Акйил скептически хмыкнул.
– Но в чем смысл этого? – продолжал Каден. – Зачем нам изучать кинла-ан?
Тан какое-то время рассматривал его, прежде чем ответить.
– Есть три причины, – произнес он наконец. – Прежде всего, полагаясь на свое тело, вы получаете возможность перестать цепляться за ум; это еще на шаг приближает вас к ваниате. Второе: хин понимают ваниате, но никогда не используют его. Однако наши предшественники постигали пустоту не просто для того, чтобы в ней нежиться. Они использовали ее как орудие. Бежите вы или сражаетесь, ваше тело двигается быстрее, если ему не приходится тащить на себе тяжесть мыслей.
Акйил, казалось, собирался что-то возразить, но потом нахмурился и отвел взгляд.

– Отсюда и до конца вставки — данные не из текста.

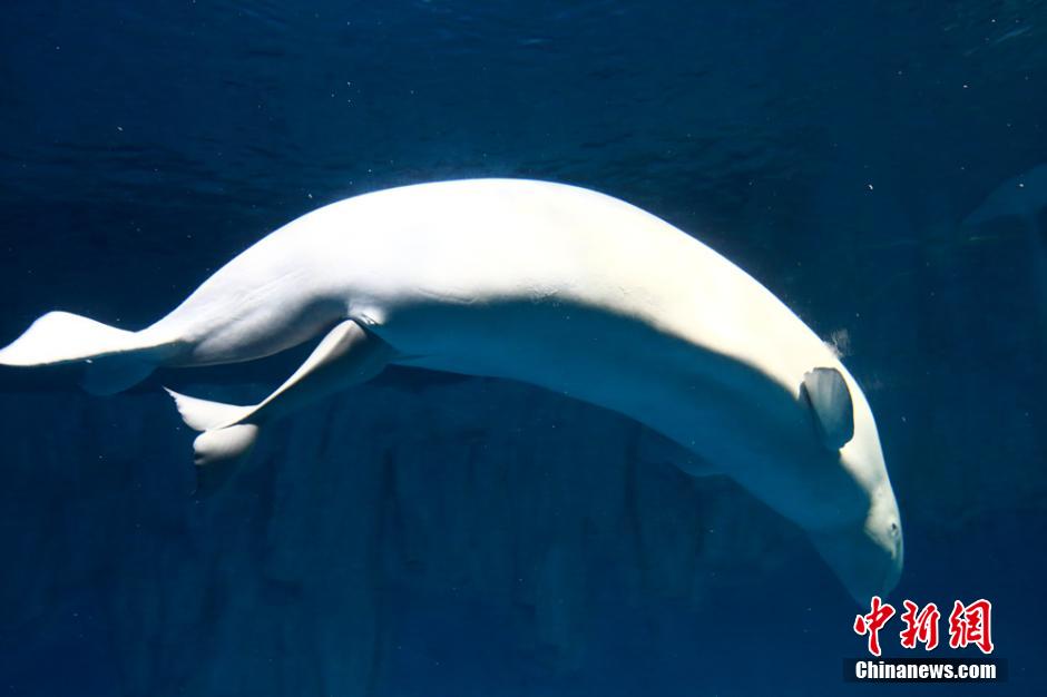 A white whale named "Zhuo Ya" gives birth to a baby in Changsha Aquarium in Changsha, central China's Hunan province on Oct. 29, 2014. The whole process had been recorded by the camera. (CNS/Huang Wei)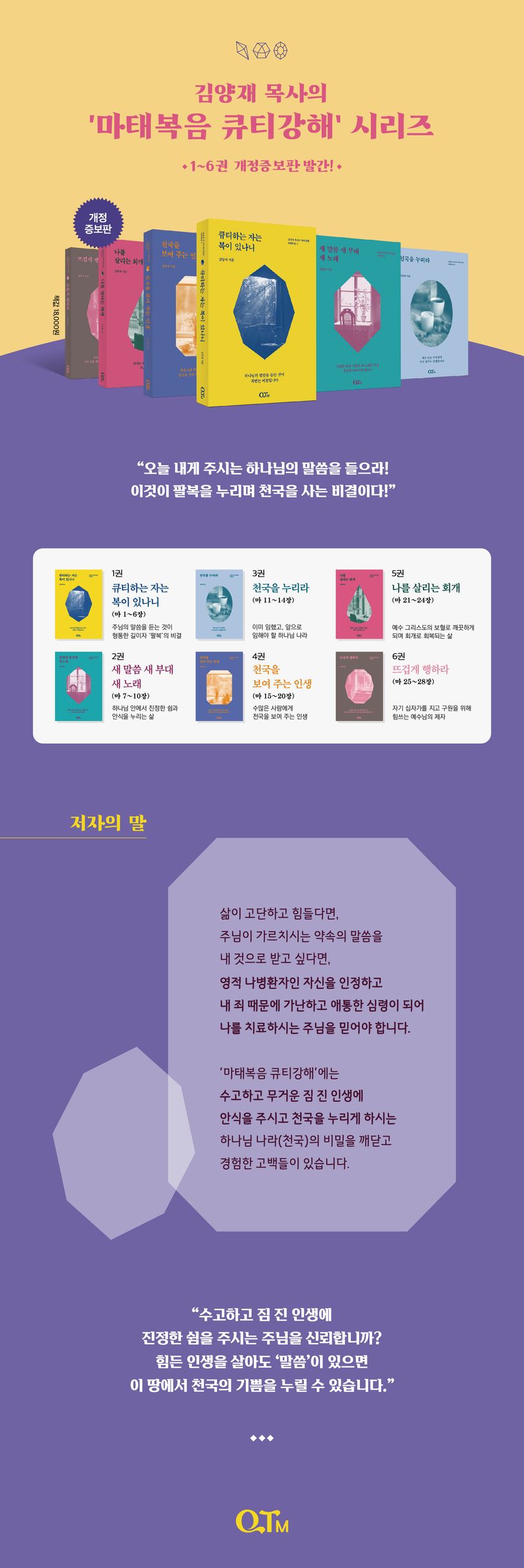 김양재 목사의 마태복음 큐티강해 1권 『큐티하는 자는 복이 있나니』는 총 4개 Part로 구성되어 있습니다. Part1은 ‘팔복의 인생을 준비하자’, Part2는 ‘천국의 가치관을 갖자’, Part3은 ‘주님의 온전함을 배우자’, Part4는 ‘가르침대로 기도하자’를 내용으로 주님의 말씀을 듣는 것이 형통한 길이고 ‘팔복’의 비결임을 전합니다.

Синяк в том месте, куда ударил его Тан, налился впечатляющим багровым цветом, его щека распухла так, что один глаз частично закрылся.
– А какова третья причина? – осторожно спросил Каден.
Тан помедлил.
– Приманка.
– Приманка? – переспросил Каден, не сразу сообразив, что это значит. – Вы имеете в виду для…
– Вы были здесь одни. С завязанными глазами. Без оружия. Я надеялся, что тот, кто убил Серкана, явится и за вами.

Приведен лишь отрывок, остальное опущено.